Operating department practitioner job description
Operating department practitioners (ODP) play an essential role in the surgical team with their expertise and attention to detail being vital in ensuring surgery is carried out smoothly with patients receiving the best possible care.
What would a typical day look like for an Operating department practitioner?

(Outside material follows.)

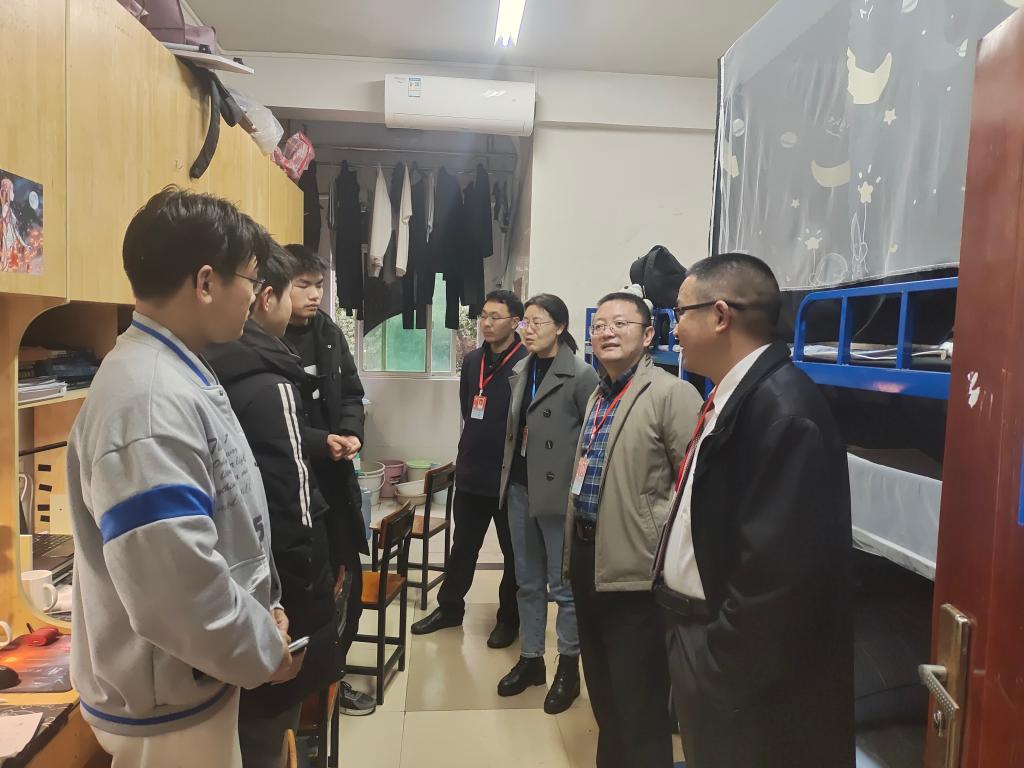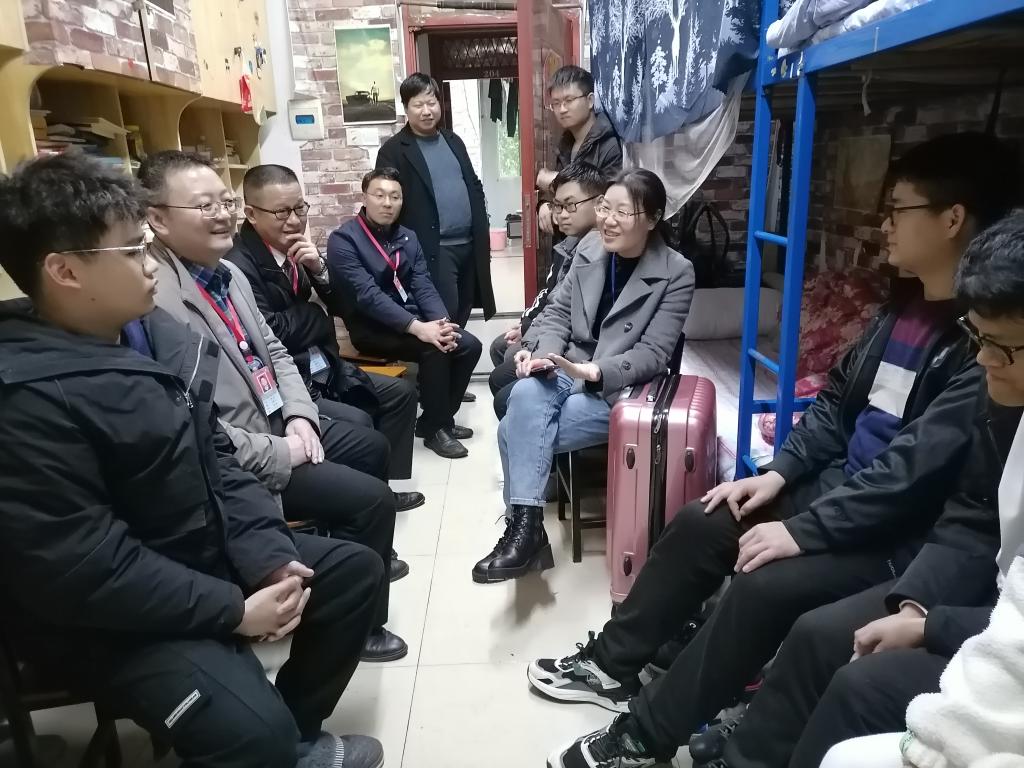 本网讯  2月12日新学期返校最后一天,我院院长何桂春、党委书记陈明、党委副书记饶先发、副院长陈飞、余新阳走访黄金校区、红旗校区学生宿舍,学院学工办相关老师陪同走访。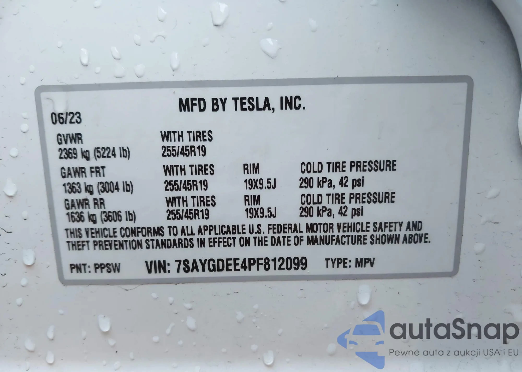 The car Tesla Model Y 2023 (VIN 7SAYGDEE4PF812099) has not been auctioned before. The documents are clean, and the mileage matches or is below the market average. Sold by an insurance company – we recommend purchase. Delivery to the port will take approx. 6–8 weeks.

A typical day can be intense and varied, and could include:
Preparation and set up:
- Morning briefing – discuss the day’s schedule with the surgical team
- Pre-operative prep - prepare the operating room, ensuring it is clean and sterile and has the necessary equipment for the day’s procedures
- Patient prep – this may include helping patients change into surgical gowns and attaching monitoring devices
- Assisting surgeons – passing them instruments, supplies and sterile items during procedures
- Operating equipment – operating and monitoring medical devices
- Ensuring sterility – following infection control protocols to maintain sterile field within the operating room
- Assisting Anaesthetists – with administering anaesthesia and monitoring vital signs of patient
- Recovery room assistance – helping move patients to recovery rooms
- Postoperative monitoring – observing vital signs and ensuring patient wakes safely
- Documentation – completing surgery documentation including instruments used, procedures performed and any complications encountered
Where could I work?
Operating Department Practitioners (ODPs) are an important part of the operating theatre team, working alongside surgeons, anaesthetists, theatre nurses and other healthcare professionals to help ensure that every surgical procedure is as safe and effective as possible.
There is currently a national shortage of ODPs in the UK, so there are lots of opportunities for jobs and this is likely to grow. Local employers such as the Norfolk and Norwich University Hospitals (NNUH), Queen Elizabeth Hospital Kings Lynn (QEH), James Paget University Hospitals (JPUH), West Suffolk Hospital (WSH) and Ipswich Hospital take on many of our graduates. You could find work within the NHS, as well as private hospitals around the UK. You could also work as an ODP within the Armed Forces.
What would my starting salary be?
Band 5, (Agenda for Change pay scales), rising with several years’ experience. You should always check with the employer to confirm the pay rate for any post for which you are applying.
What hours would I be working?
Full time weekly hours will be 37.5 (this may include nights, weekend and shift work).
What is the career progression like for an operating department practitioner?
ODPs have various paths for career progression where they can advance their skills and take on more responsibilities. Options include specialising in anaesthetic ODP, advanced practice, teaching and education, management and leadership, research or consultancy and advisory roles.
To explore this career in more depth visit : NHS Health Careers
Are there more specialised roles in operating department practice?
ODPs can and do work in all three areas of perioperative care (anaesthetic, surgical or post-operative care).
Increasingly, ODPs can be found in clinical roles in A&E or Intensive Care but also taking on enhanced roles within the operating theatre such as Surgical First Assistant.
Many ODPs have gone on to other healthcare roles too, such as managers, researchers, or educators.
Do I need a degree to be an Operating department practitioner?
Yes, from 2024 all Operating Department Practitioners entering the Health and Care Professions register must have a BSc (Hons) Degree in Operating Department Practice.